Caution is advised as an Infostealer that prompts the execution of legitimate EXE files is actively being distributed.
The threat actor is distributing a legitimate EXE file with a valid signature and a malicious DLL compressed in the same directory. The EXE file itself is legitimate, but when executed in the same directory as the malicious DLL, it automatically runs that malicious DLL. This technique is called DLL hijacking and is often used in the distribution of malware.
The distribution of malware disguised as cracks and keygens for commercial software is also increasing the sample size of the DLL hijacking method. The distribution began in earnest around last May and has continued to spread actively since August to the present.
When searching for various cracked commercial software on search engines, malicious sites appear at the top, and clicking the Download button on these sites leads to various redirections before arriving at the ultimate distribution site. The downloaded file is an encrypted compressed RAR file, and the password is provided in the file name or on the distribution page. When this file is decompressed and the legitimate EXE file contained within is executed, the system becomes infected by the malware. The EXE files are mostly named setup.exe or Installer.exe and have valid signatures since most of them are the executable files of well-known software.
The malicious DDL files are created by modifying a segment of legitimate DLL files. The modified code reads a specific data file in the same directory, decrypts it, then executes it. If the entire malware data were to be contained within the DLL files, the appearance of the files would be significantly altered, making them easier to detect. Therefore, it is suspected that this method is utilized so that malicious behavior can be performed while only altering the bare minimum of the original DLL files.

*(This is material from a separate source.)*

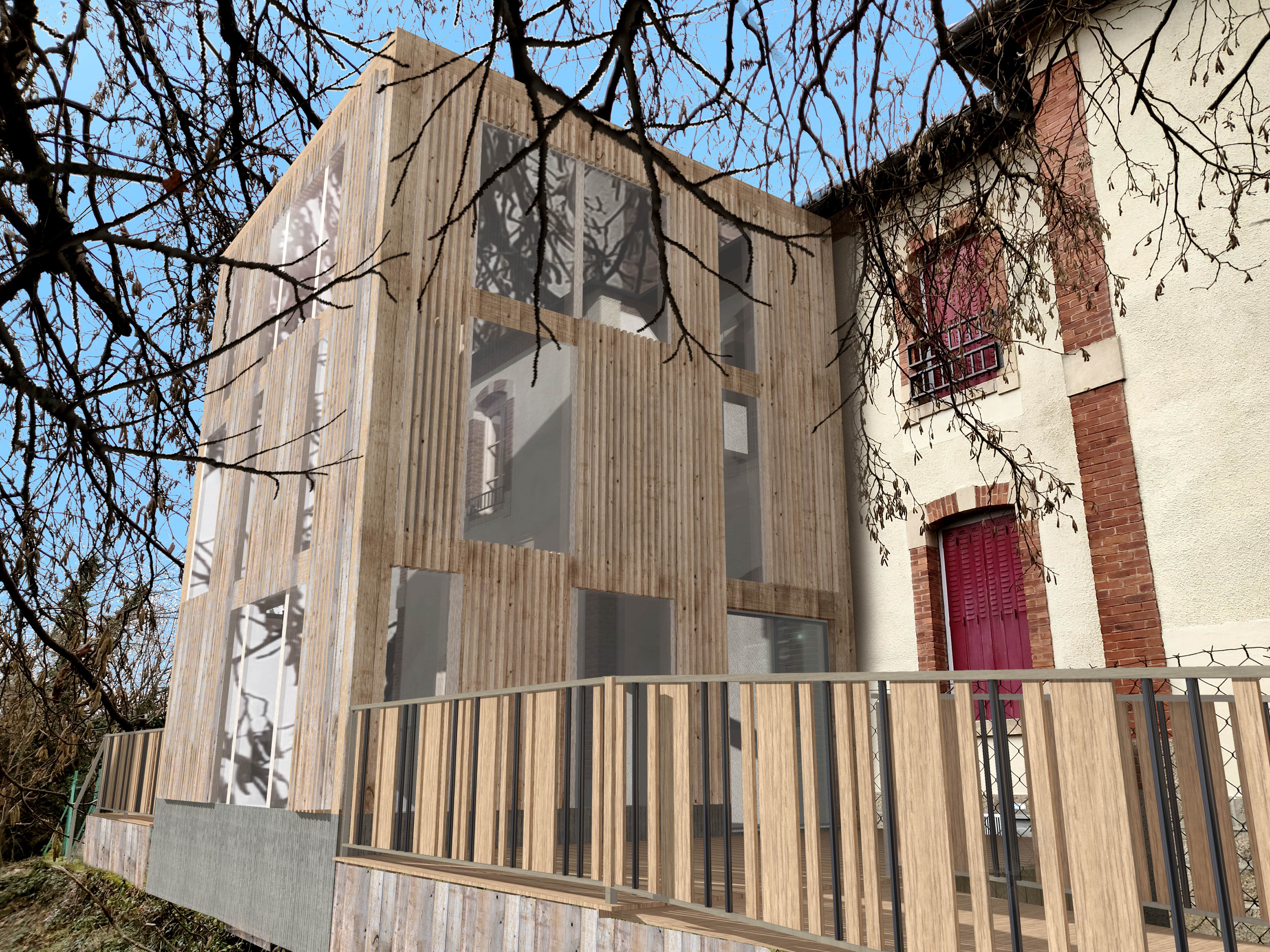 Débuté en 2018, la mairie avait pour projet la rénovation de l’école élémentaire. Le caractère du bâtiment présentait un intérêt architectural que nous avons préservé et mis en valeur par la création d’une extension en bois sur la façade SUD. Ce volume cubique accueille dorénavant l'ensemble des circulations verticales de l'école. (ascenseur et escalier) Un calepinage aléatoire des ouvertures sur l'extérieur permet la découverte du panorama au fil de l'ascension de l'escalier. Des brise-soleil en tasseaux bois extérieurs assurent la protection solaire des utilisateurs.

Ultimately, the data file, legitimate EXE file, and modified malicious DLL must all be located in the same directory for the malware to function. The data file is disguised as a PNG image file. The modified area of the malicious DLLs includes the end part of a certain function that must be executed in the EntryPoint execution flow, along with some code and data areas. All the code is encrypted and executed after being decrypted in the memory in order to evade code pattern detection. After execution, the malware has been observed to delete the malicious DLLs in order to erase traces.
The execution process of the malware is explained using the recently distributed sample below.
Legitimate EXE | e634616d3b445fc1cd55ee79cf5326ea (vlc.exe) |
Malicious DLL | 58ea42289ae52e82ffcfa20071c32d7a (libvlccore.dll) |
Final malware | LummaC2 Stealer |
C2 | hxxp://hokagef[.]fun/api |
Decompressing the password-protected compressed file downloaded from the distribution site using the password specified in the file name (“2023”) creates the following files.
The “Setup.exe” and “libvlc.dll” are legitimate components of the well-known software “VLC Media Player” and are valid files with legitimate signatures. The “libvlccore.dll” file is the modified malicious DLL file. The signatures do not match since a portion of the file was modified. The directories such as demux and lua are included as data to disguise the file as being legitimate but are unrelated to the actual execution of the malware.
When the “Setup.exe” file is executed, the malicious DLL “libvlccore.dll” is automatically run. The end part of a certain function within the DLL EntryPoint execution flow has been modified in the malicious DLL. Consequently, the DLL EntryPoint is triggered upon loading the DLL, ultimately causing the execution of the code modified by the threat actor.
The functionality of this code is to locate and read the “ironwork.tiff” file in the same directory. It then reads and decrypts this file before executing it. This file is a data file that contains information on the code to be executed later. The file header is a PNG file, but it is filled with encrypted malicious data starting from the middle of the file.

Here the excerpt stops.